La porta era aperta. Il primo piano era completamente in disordine: foglie sul pavimento, libri sparsi, riviste, colori, tempere, cornici, una piccola follia creativa, segni e ricordi dell’artista che aveva vissuto lì. Salendo una scala molto stretta, arrivai al secondo piano. La cucina non nascondeva il suo senso di abbandono, disordinata e sporca, con l’intonaco che cadeva sul pavimento, ma piena di vita: c’erano oggetti da cucina in ordine quasi perfetto, una bellissima credenza, spezie, pentole appese, bicchieri e bottiglie di liquore sul tavolo, un’immagine di quotidianità interrotta.

Uscendo dalla cucina si scopre la stanza più interessante, la stanza che regala il nome alla location e che lascia quasi interdetti: Red Passion. E’ una camera da letto molto affascinante, con un letto a baldacchino semplicemente meraviglioso. Il colore dominante è un rosso vibrante, un rosso teatrale, quasi passionale. C’è un mobile sul fondo pieno di vestiti, una serie di oggetti sparsi, un crocifisso appeso alla parete e altri piccoli dettagli che rendono l’ambiente molto intrigante. E poi quel mappamondo, come un simbolo di quanto il pittore fosse legato a quella sua dimensione, come se quella stanza non fosse solo il suo rifugio, ma il suo mondo intero. Poco distante, sempre al secondo piano, c’è anche un bagno, decisamente devastato, con pochi oggetti rimasti, tra cui due spazzolini da denti, uno rosso e uno verde, malinconici nella loro solitudine.

Aveva consacrato l’intera vita all’arte, dipingeva e passeggiava nei dintorni di questo luogo sperso tra i campi della pianura padana. Nei suoi itinerari a piedi raccoglieva sassi, pezzi di tronco e assi e le usava per le sue opere, leggeva e dipingeva, solo il sole scandiva le sue giornate. Gli amici passavano a trovarlo, chissà se si sedevano tutti insieme nel giardino all’ombra degli alberi, tra i tulipani gialli meravigliosi che continuano a fiorire ancora oggi e che ci hanno accolti quando siamo arrivati fin qui. Le opere dell’artiste erano conosciute, erano esposte in molte gallerie d’arte, hanno vinto dei premi ma lui è sempre rimasto affezionato a questo piccolo paradiso e intanto inesorabile come per tutti è arrivata la vecchiaia e la morte.

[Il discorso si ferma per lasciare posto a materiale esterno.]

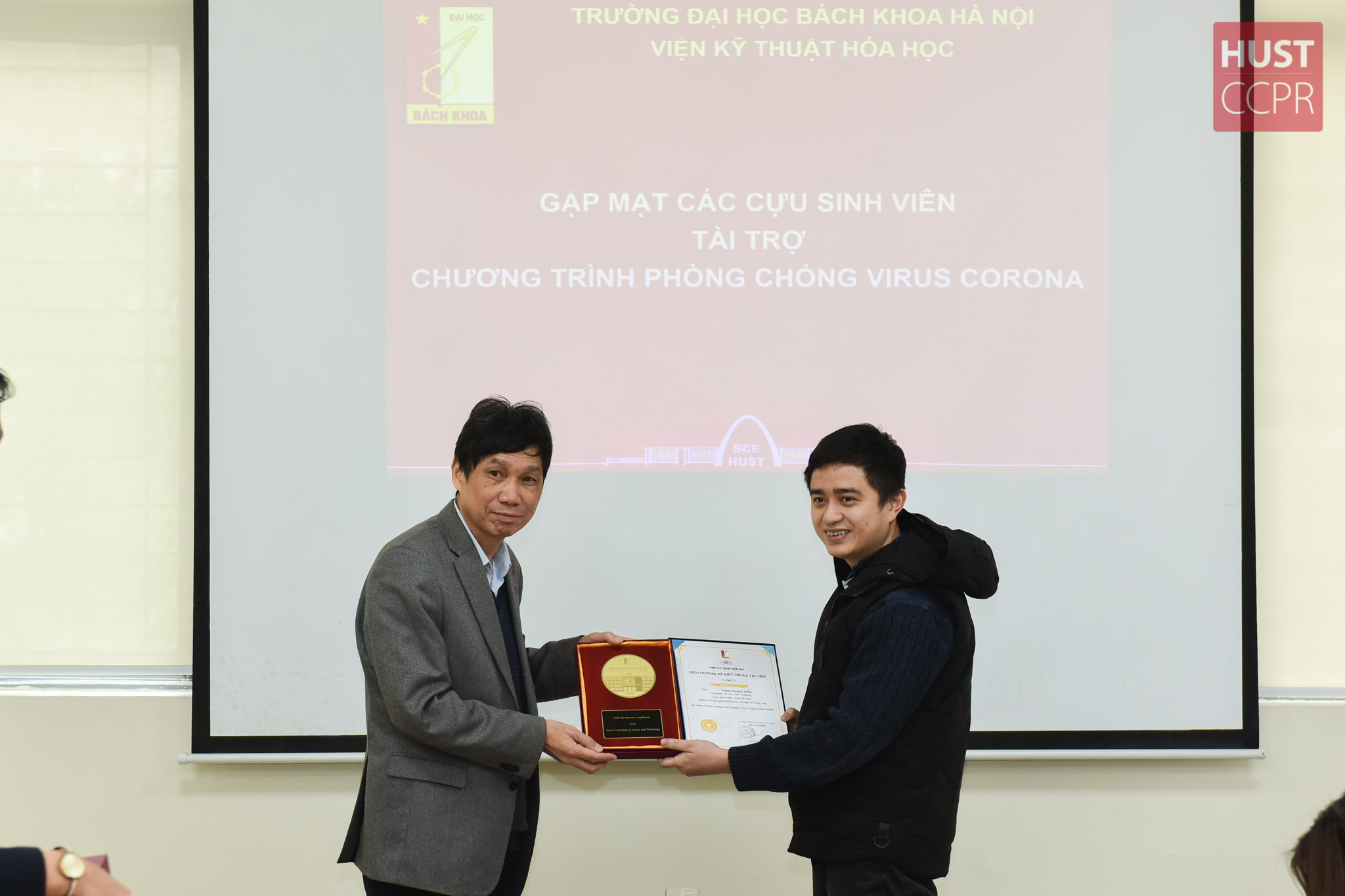 GS Đinh Văn Phong trân trọng trao tặng món quà lưu niệm của Nhà trường cảm ơn các tấm lòng của các cựu sinh viên đồng thời nhấn mạnh: “Sự trợ giúp, kết nối chặt chẽ của các cựu sinh viên vừa phù hợp với chiến lược gắn kết cựu sinh viên – những tài sản quý giá của ĐH Bách khoa Hà Nội, vừa theo đúng phương châm chỉ đạo “4 tại chỗ, 3 sẵn sàng” trong phòng chống dịch bệnh của Chính phủ. Chỉ có yêu mến ngôi trường của mình, các cựu sinh viên mới không nề hà góp sức cùng các thầy cô phòng, chống dịch bệnh. Các bạn là tấm gương sáng, truyền tình yêu Trường cho các sinh viên đang theo học tại ngôi trường số 1 cả nước về Khoa học và Công nghệ”.

Sono quasi quindici anni che qui non abita più nessuno, nessuno dorme in questo imponente letto rosso, nessuno lascia più la sua traccia con i pennelli su quelle vecchie assi. I colori nei tubetti si sono pietrificati, i pennelli sono pieni di ragnatele. Tutto tace ora qui intorno e noi possiamo solo immaginare la tranquillità che deve aver assaporato chi ha abitato qui per anni, chissà se i suoi quadri raccontavano tutto questo suo piccolo mondo incantato…

Questa casa apparteneva a un pittore che ormai non c’è più, un pittore molto conosciuto che ha lasciato tracce della sua esistenza in ogni angolo. Si dice che non avesse mai lasciato questo posto, che la sua vita fosse stata scandita dalle camminate nei campi circostanti, nei suoi momenti di solitudine, nei suoi momenti di raccoglimento. Oggi, nonostante la casa sia in rovina, c’è ancora qualcosa di potente che rimane. La sua memoria non è andata persa, si è solo silenziata, in attesa di essere ricordata.